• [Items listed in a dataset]

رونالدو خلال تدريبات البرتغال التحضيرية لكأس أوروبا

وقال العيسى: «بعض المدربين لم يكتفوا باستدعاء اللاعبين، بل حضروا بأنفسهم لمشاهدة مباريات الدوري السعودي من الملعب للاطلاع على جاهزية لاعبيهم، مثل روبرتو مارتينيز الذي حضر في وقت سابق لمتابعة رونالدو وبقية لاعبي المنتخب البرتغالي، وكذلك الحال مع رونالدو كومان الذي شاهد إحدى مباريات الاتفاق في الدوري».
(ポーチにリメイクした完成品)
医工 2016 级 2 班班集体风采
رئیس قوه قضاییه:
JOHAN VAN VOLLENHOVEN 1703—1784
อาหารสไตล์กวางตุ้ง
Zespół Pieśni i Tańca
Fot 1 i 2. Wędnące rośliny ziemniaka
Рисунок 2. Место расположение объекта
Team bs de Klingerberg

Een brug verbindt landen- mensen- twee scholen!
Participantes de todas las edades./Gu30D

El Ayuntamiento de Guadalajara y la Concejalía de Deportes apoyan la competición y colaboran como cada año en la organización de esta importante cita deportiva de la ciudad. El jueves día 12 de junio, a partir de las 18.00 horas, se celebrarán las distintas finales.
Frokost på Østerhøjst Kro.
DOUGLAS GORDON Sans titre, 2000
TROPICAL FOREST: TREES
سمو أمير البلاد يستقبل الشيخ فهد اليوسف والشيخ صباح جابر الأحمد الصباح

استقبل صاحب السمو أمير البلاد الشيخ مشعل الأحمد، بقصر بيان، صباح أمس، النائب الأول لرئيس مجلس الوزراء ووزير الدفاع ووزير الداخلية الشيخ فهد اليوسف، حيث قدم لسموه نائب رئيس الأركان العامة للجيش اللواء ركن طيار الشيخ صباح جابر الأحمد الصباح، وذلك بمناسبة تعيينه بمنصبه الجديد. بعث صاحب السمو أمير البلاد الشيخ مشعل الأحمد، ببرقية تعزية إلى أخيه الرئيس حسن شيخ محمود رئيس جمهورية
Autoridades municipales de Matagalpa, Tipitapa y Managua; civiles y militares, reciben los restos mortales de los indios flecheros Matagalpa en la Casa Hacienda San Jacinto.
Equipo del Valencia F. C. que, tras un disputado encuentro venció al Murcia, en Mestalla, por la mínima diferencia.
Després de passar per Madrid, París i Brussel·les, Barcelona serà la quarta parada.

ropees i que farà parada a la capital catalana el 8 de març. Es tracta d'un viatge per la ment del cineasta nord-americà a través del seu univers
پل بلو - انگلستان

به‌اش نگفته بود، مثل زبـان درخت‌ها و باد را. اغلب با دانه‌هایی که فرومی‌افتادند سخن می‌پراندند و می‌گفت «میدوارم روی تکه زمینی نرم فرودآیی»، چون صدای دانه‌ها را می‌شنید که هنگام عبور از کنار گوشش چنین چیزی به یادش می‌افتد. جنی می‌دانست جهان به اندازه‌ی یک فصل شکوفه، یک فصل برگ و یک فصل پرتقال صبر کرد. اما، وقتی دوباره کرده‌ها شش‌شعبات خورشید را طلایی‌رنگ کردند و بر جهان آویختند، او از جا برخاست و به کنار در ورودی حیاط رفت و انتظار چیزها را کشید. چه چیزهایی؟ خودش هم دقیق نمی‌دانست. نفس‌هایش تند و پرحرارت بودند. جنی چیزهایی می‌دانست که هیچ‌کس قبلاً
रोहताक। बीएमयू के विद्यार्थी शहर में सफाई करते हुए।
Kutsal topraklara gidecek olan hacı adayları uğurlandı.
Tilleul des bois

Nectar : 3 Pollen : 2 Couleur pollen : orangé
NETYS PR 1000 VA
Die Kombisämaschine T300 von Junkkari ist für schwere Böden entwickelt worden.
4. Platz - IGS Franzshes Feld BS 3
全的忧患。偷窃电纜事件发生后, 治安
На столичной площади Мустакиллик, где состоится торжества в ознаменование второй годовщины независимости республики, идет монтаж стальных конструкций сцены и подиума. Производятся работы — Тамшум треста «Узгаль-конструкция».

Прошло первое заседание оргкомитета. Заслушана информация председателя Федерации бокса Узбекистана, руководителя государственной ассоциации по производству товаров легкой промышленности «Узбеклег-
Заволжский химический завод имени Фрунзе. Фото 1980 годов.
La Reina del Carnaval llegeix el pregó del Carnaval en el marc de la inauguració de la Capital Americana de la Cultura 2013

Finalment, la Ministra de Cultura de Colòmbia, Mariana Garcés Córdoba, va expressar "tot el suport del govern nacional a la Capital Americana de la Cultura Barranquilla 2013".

• [WHAT TO WORK ON] The lines above, starting at the one with "Frokost på Østerhøjst Kro." and ending at the one with "پل بلو - انگلستان", are the only ones to return, exactly as written.

• [EXERCISE OUTPUT]
Frokost på Østerhøjst Kro.
DOUGLAS GORDON Sans titre, 2000
TROPICAL FOREST: TREES
سمو أمير البلاد يستقبل الشيخ فهد اليوسف والشيخ صباح جابر الأحمد الصباح

استقبل صاحب السمو أمير البلاد الشيخ مشعل الأحمد، بقصر بيان، صباح أمس، النائب الأول لرئيس مجلس الوزراء ووزير الدفاع ووزير الداخلية الشيخ فهد اليوسف، حيث قدم لسموه نائب رئيس الأركان العامة للجيش اللواء ركن طيار الشيخ صباح جابر الأحمد الصباح، وذلك بمناسبة تعيينه بمنصبه الجديد. بعث صاحب السمو أمير البلاد الشيخ مشعل الأحمد، ببرقية تعزية إلى أخيه الرئيس حسن شيخ محمود رئيس جمهورية
Autoridades municipales de Matagalpa, Tipitapa y Managua; civiles y militares, reciben los restos mortales de los indios flecheros Matagalpa en la Casa Hacienda San Jacinto.
Equipo del Valencia F. C. que, tras un disputado encuentro venció al Murcia, en Mestalla, por la mínima diferencia.
Després de passar per Madrid, París i Brussel·les, Barcelona serà la quarta parada.

ropees i que farà parada a la capital catalana el 8 de març. Es tracta d'un viatge per la ment del cineasta nord-americà a través del seu univers
پل بلو - انگلستان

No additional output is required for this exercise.